O'Neill harnessed the strong human need for group identity to build a thriving organisation. The trick in using group identity when wanting staff to change behaviour or embrace a new goal is to word it so they make a decision based on what’s best for the group. Activating peer pressure is an effective way to get a group to persuade others to act in a certain way
And you'll notice that O'Neill never used the word "I" in his speech. Saving lives wasn't about him. It was about the group - it was about the Alcoa workforce. He also cleverly used a shareholder meeting, to let his staff know, that he wasn't there to increase shareholder returns. He was there to improve their quality of life, to ensure that they would arrive home safely at the end of the day. By launching his first speech to outsiders, he powerfully communicated to staff, just how committed he was to improving their workplace. That he could be trusted. That he was on their side.
He even took this further. According to Tim O'Bryan, in an article titled "Analytical Decision Making and the Alcoa Transformation", O'Neill introduced a new companywide policy that whenever someone was injured, that the unit president had to report it to O’Neill within 24 hours and present a plan for making sure it never occurred again.

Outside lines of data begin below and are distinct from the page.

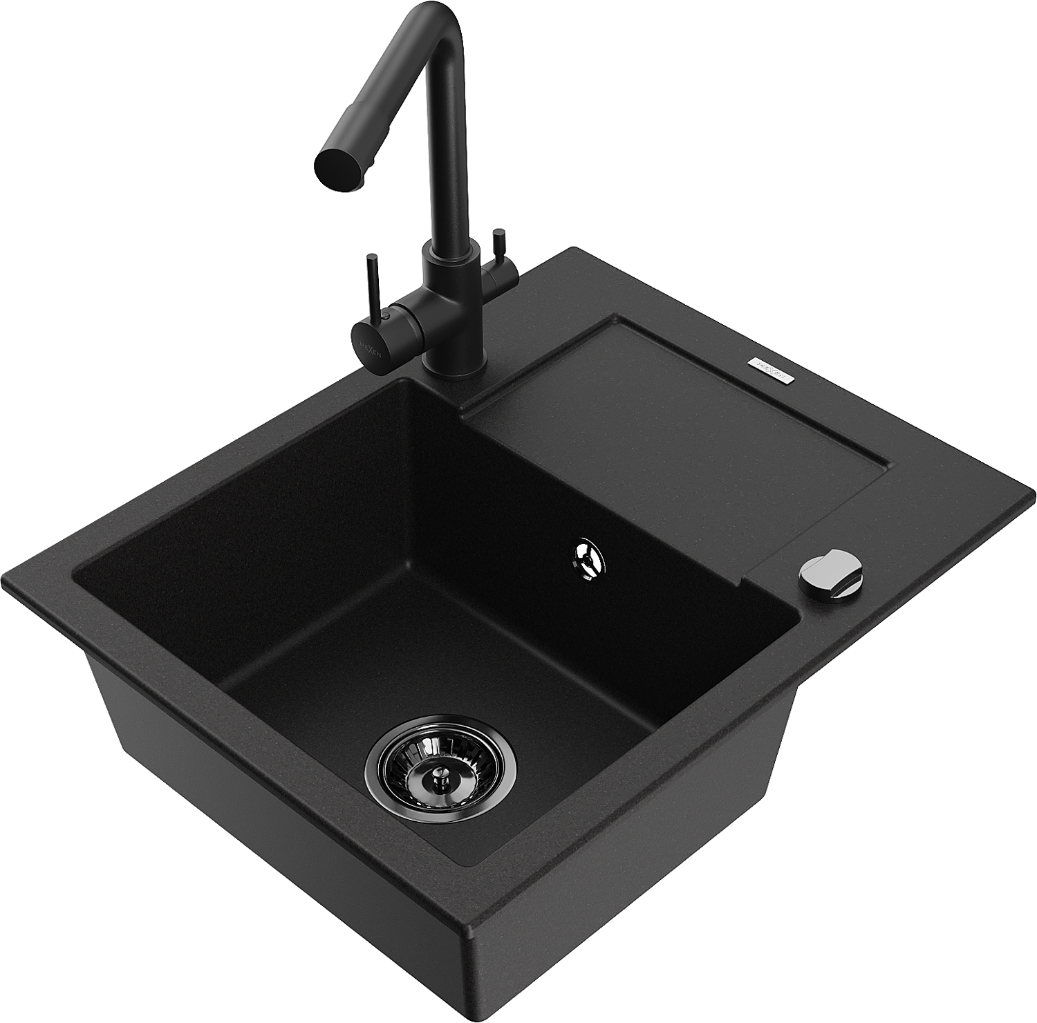 Mexen Enzo гранитна кухненска мивка с 1 корито с отцедник и кухненски смесител Duero, черен - 6506-77-671600-70-B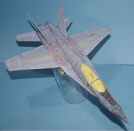 折角模型飛行機をつくるなら、カッコいい方がいい、その思いで、ジェット戦闘機をモチーフにしました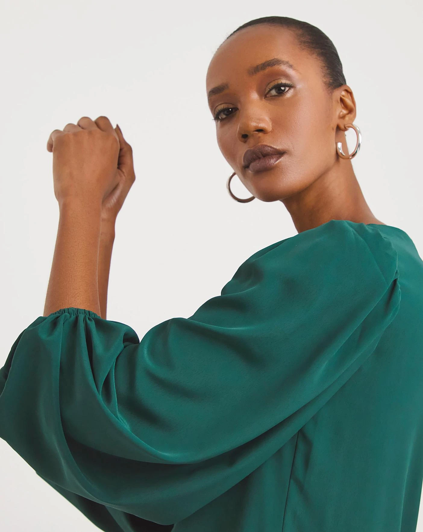 For a sophisticated going out look, choose our ruched front balloon sleeve satin top. Featuring a v neckline, ruched detailing at the front and three quarter sleeves, this top can be paired easily with a pair or leather pants or black trousers. In a relaxed fit, we would recommend sticking to your usual size.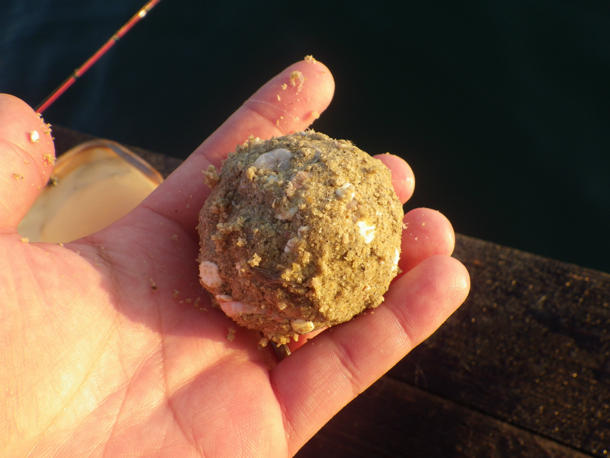 直径7cm位に握ったダゴチン団子ボール!団子を握る度に隠し味として僕のチヌへの愛情を精一杯込めました(*´艸`*)が。。。

This opened up the flow of communication. Workers told their floor managers who told the vice president about injuries, but also to raise warnings when they saw a potential problem. A suggestion box was filled with ideas for solutions, so that if the vice president requested a plan, a collection of suggestions was submitted.
Spare No Expense on Safety
O’Neill believed that the best way to keep employees staff was to discover why injuries were occurring in the first place. This was done by studying what was going wrong in the manufacturing process. Employees received training about quality control and how to work more efficiently. By ensuring that employees developed the habit to do tasks right in the first place, their work became safer.
Starting with his inaugural speech, Paul O'Neill transformed Alcoa into an efficient, open communication workplace that was the safest aluminium company on earth. By transforming workplace safety into a daily habit, O'Neill improved efficiency and sales. By taking care of the "why", he took care of the "how" and "what".